* **EXERCISE REQUIREMENTS**
Print the lines from the one containing "To receive your" through the end of the listing below, exactly as written. Any pictures stay out.

* **INFORMATION GIVEN**
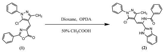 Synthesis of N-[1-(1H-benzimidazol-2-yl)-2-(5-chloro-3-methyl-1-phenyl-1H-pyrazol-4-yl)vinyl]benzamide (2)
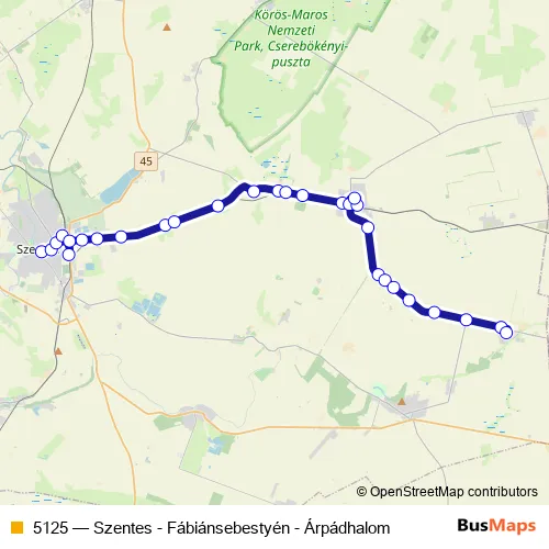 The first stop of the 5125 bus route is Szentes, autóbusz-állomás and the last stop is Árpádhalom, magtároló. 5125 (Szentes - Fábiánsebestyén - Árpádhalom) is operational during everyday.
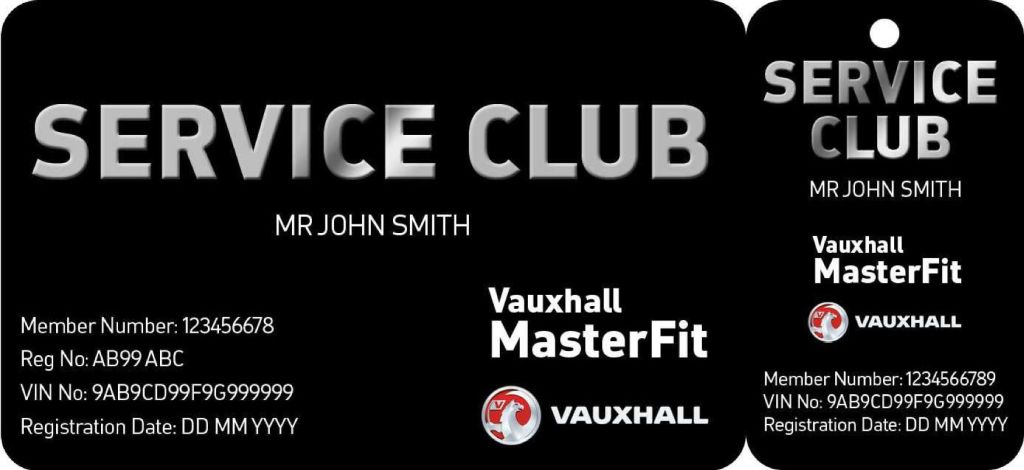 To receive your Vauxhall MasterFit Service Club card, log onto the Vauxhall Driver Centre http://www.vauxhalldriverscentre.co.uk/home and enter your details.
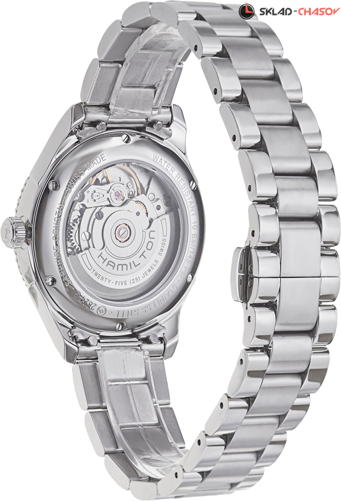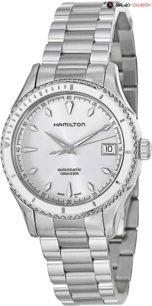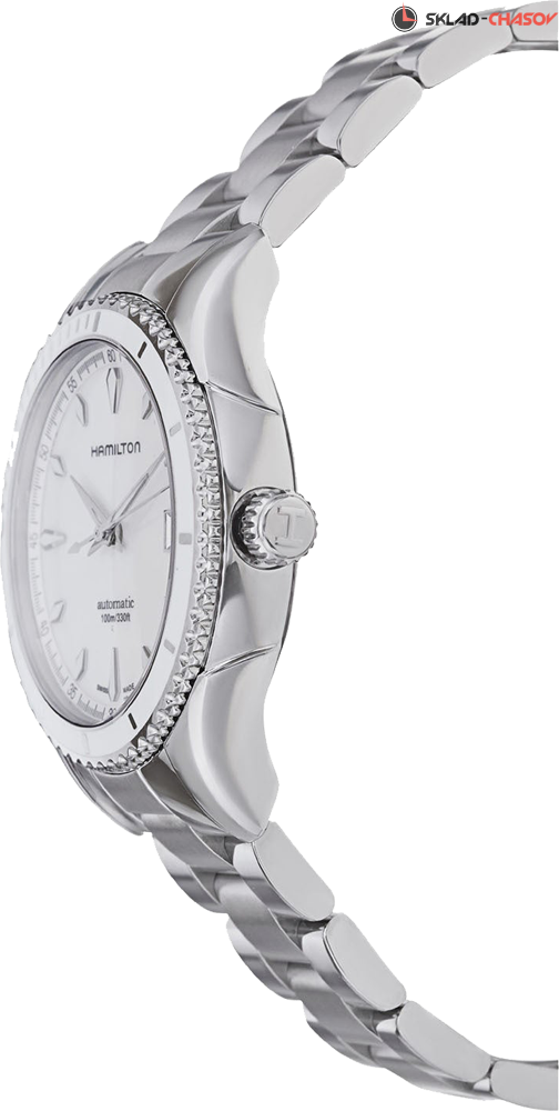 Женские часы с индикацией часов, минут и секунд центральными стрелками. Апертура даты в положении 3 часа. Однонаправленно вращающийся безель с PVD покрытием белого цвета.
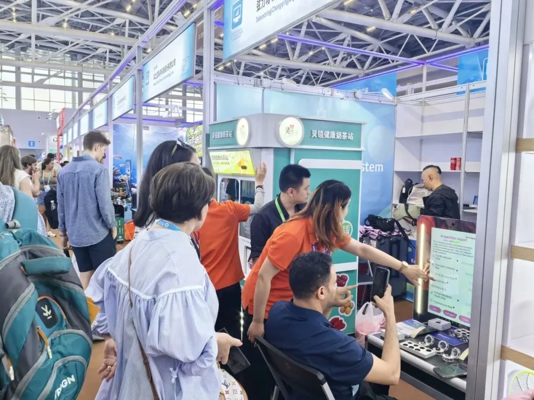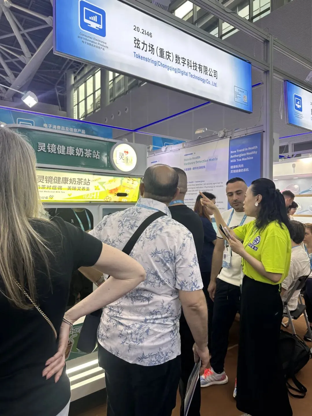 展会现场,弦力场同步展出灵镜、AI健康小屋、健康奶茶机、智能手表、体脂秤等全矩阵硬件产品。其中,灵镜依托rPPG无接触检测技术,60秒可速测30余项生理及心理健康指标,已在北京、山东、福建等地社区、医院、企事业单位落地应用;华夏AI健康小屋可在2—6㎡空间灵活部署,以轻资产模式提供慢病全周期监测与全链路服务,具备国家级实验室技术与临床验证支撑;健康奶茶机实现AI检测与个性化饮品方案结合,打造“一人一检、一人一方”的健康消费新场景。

* **RESPONSE TO THIS TASK**
 To receive your Vauxhall MasterFit Service Club card, log onto the Vauxhall Driver Centre http://www.vauxhalldriverscentre.co.uk/home and enter your details.
 Женские часы с индикацией часов, минут и секунд центральными стрелками. Апертура даты в положении 3 часа. Однонаправленно вращающийся безель с PVD покрытием белого цвета.
 展会现场,弦力场同步展出灵镜、AI健康小屋、健康奶茶机、智能手表、体脂秤等全矩阵硬件产品。其中,灵镜依托rPPG无接触检测技术,60秒可速测30余项生理及心理健康指标,已在北京、山东、福建等地社区、医院、企事业单位落地应用;华夏AI健康小屋可在2—6㎡空间灵活部署,以轻资产模式提供慢病全周期监测与全链路服务,具备国家级实验室技术与临床验证支撑;健康奶茶机实现AI检测与个性化饮品方案结合,打造“一人一检、一人一方”的健康消费新场景。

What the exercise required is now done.